# Tony Bourdain's Tartiflette



## shel (Dec 20, 2006)

Apparently Tony Bourdain has a good recipe for tartiflette in his Les Halles cookbook, which I don't have. Does anyone have that recipe, or a pointer to a site/URL for it. I'd love to compare it to the ones I have and finally try to make the dish.

Shel


----------



## mezzaluna (Aug 29, 2000)

I just had to look that up, Shel. I don't recall hearing of that dish before. 
Tartiflette - Wikipedia, the free encyclopedia


----------



## shel (Dec 20, 2006)

Hi Mezz,

I'd not heard of it until recently. My dear friend Chrissy lived in France for a while and that's where she discovered it. She said that she liked it so much that she ate it frequently, even throughout the summer. A hearty dish like this is usually considered a fall or winter meal.

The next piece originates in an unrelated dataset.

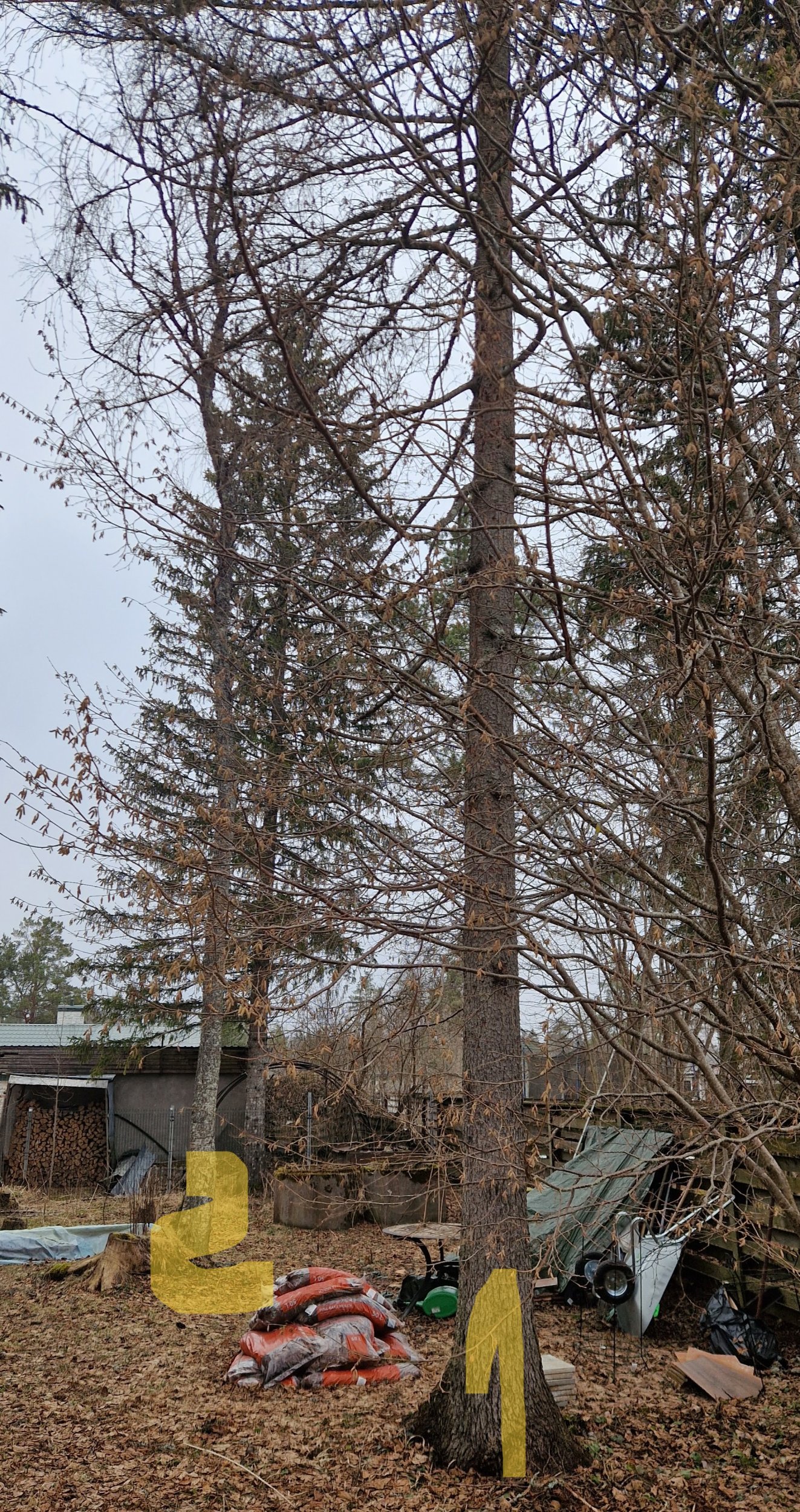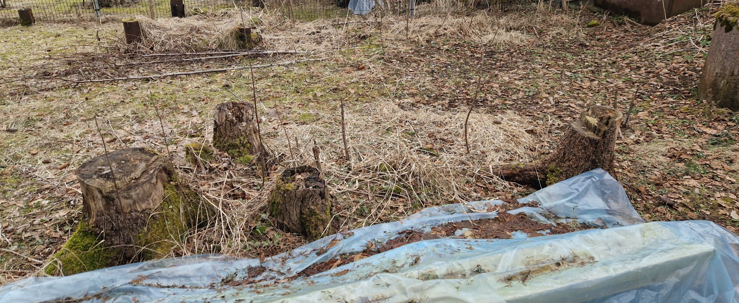 1. langetada kaks keskmist puud (pilt 1) ja 3 väikest (pilt 2) ja nende kändude freesimist ca 10cm sügavusele.

Chrissy sent me this link, which is the one that got me in interested in finding more recipes and ideas before making it myself.

Tartiflette

As it turned out, I had a recipe for the dish on my compter that I got back in the early 90s. Now that fall is here, it would be nice to try making it. The reason I want Bourdain's recipe is that I read he using an ingredient or two that's not in any of the (six) recipes I now have.

Shel


----------



## shel (Dec 20, 2006)

Found this over @ eGullet this morning:

eG Forums -> Tartiflette

Shel


----------